Он закончил с галстуком и стал брызгать виски одеколоном.
- И была б у меня невеста, как у всех, а то совсем наоборот. Начитанная, хозяйственная - такие голубцы
готовит, что на другой день вспоминаешь! А красивая! И, главное, с польскими корнями, что сразу видно по ее имени. Женюсь на иностранке!..
От таких рассуждений и от стойкого отечественного парфюма голова у Тимофея Павловича совсем закружилась, и ему пришлось присесть, но он тут же вскочил, вспомнив про свежеотутюженные брюки.
Зазвонил телефон. Сослуживица оповещала о завтрашнем служебном мероприятии.
- Да... Как же, помню и ценю внимание... Да что вы? Вот это действительно был бы сюрприз... А-а, ну, что ж, буду рад... Вы вот не знаете, а перед вами сейчас стоит жених! То есть в трубке к уху прикладываете самого настоящего, новоиспеченного жениха! - От оглашения этой новости его сердце радостно подпрыгнуло. - Да уж два дня... А? Каково?..
С той стороны поздравляли и давали какие-то советы относительно приготовлений к свадьбе, но это было уже несущественно, и он решительно отмел напутствия.
- Это уж как Зосенька пожелает. Ей-богу, скажет, чтоб суп из слона был, - помчусь слона доставать!.. И вы тоже... И вам непременно!
- Фу-ух! - выдохнул он, положив трубку. - Что бы мне такое сделать? Может, купить ей новую шубу или напиться на радостях?
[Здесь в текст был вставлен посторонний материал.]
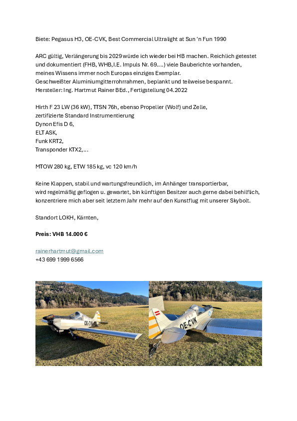 Habe vor einigen Jahren die Minimax OE-VCB von Gerhard Veigl übernommen. Das LFZ hat eine gültige Erprobungsbewilligung. Für eine endgültige Zulassung fehlt noch das Lärmzeugnis. Leider habe ich ich für längere Zeit das Medical verloren. Zum herumstehen ist es zu schade! Würde den Flieger günstig anbieten!!! Zu besichtigen in LOAV.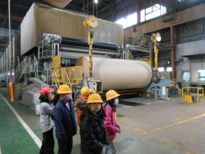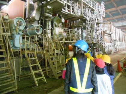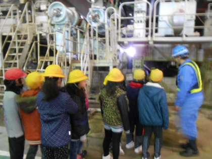 古紙が、パルパーという機械で離解された後、不純物を取り除き、ワイヤーパート、プレスパート、ドライヤーパートという大きな機械で順に成型され大きなロール製品ができあがる様子を見学させていただきました。児童たちは、日常生活で不要になった紙が、工場でたくさんの人と様々な機械の働きで再生されていく様子を間近に見て、たくさんのことを学び取って学校に帰ってきました。、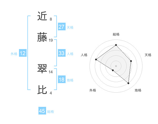 近藤 翠比さんの総格は45画の4点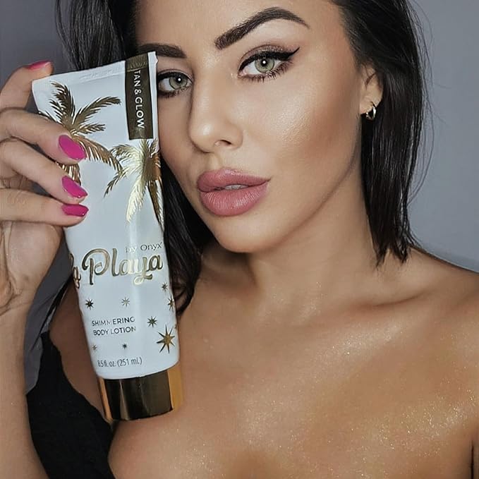 - SUN-KISSED GLOW YEAR-ROUND: Elevate your skin's allure with Onyx La Playa Tan & Glow. This fast-drying, lightweight shimmer body lotion creates a sun-kissed glow with delicate gold shimmer, providing a luminous radiance that enhances your beauty effortlessly, year-round.
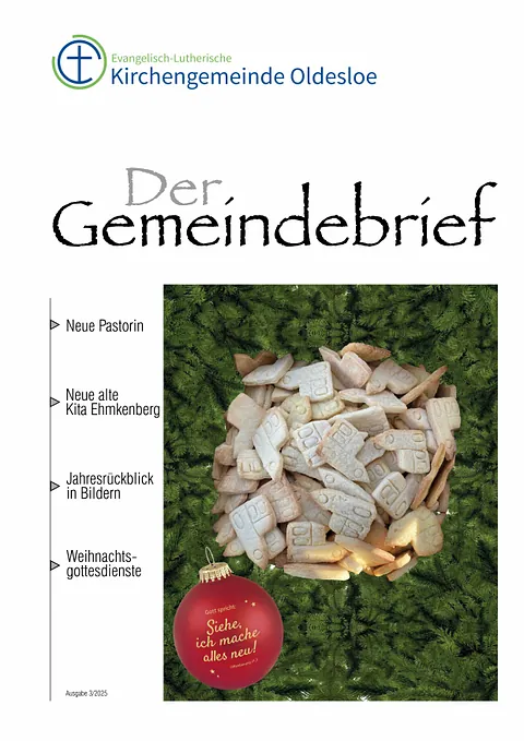 Unser Gemeindebrief erscheint drei Mal jährlich (Frühjahr, Herbst, Weihnachten) und berichtet über die Vielfalt des Gemeindelebens. Zusätzlich gibt es Sonderausgaben. Wenn Sie Fragen oder Anregungen zum Gemeindebrief haben, erreichen Sie die Redaktion unter gemeindebrief@kirche-oldesloe.de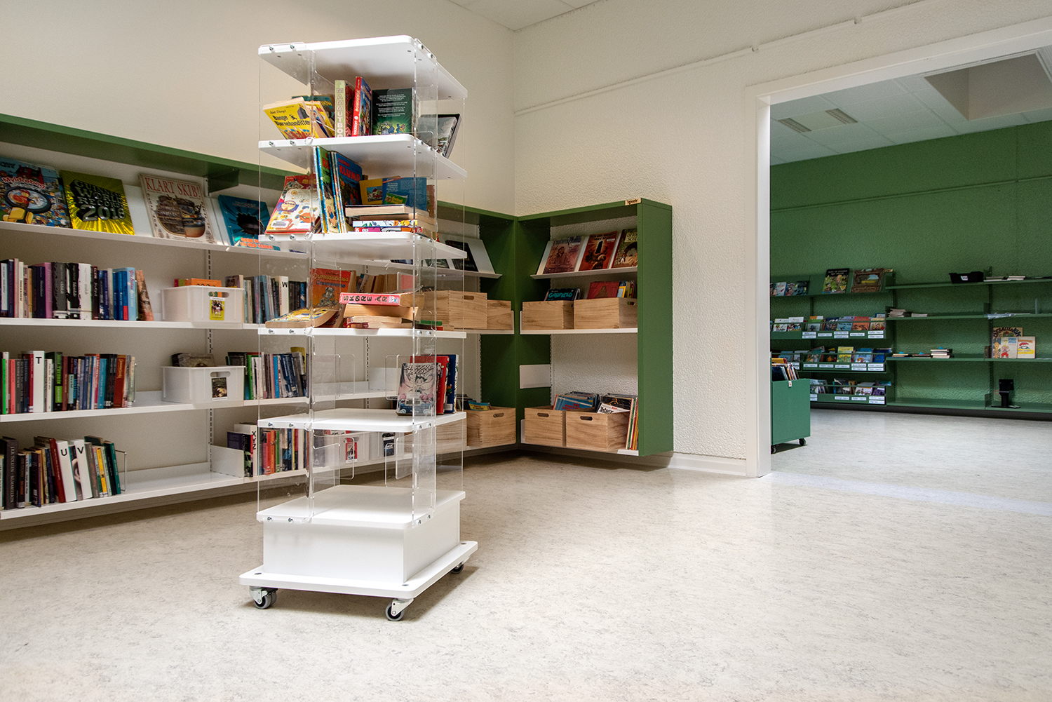 When moving a Book Tower on wheels, please remove all books - otherwise it is a risk that the acrylic parts may brake.

Как человек непьющий, Тимофей Павлович считал попойку делом необычным и чрезвычайно привлекательным. Но так как часы с малахитовым циферблатом показывали начало шестого, а обед был назначен на шесть, то у него уже не оставалось времени для всех этих нужных идей. Схватив подмышку бутылку коньяку и ключи с брелком-собачкой, он выскочил за дверь и засеменил вниз.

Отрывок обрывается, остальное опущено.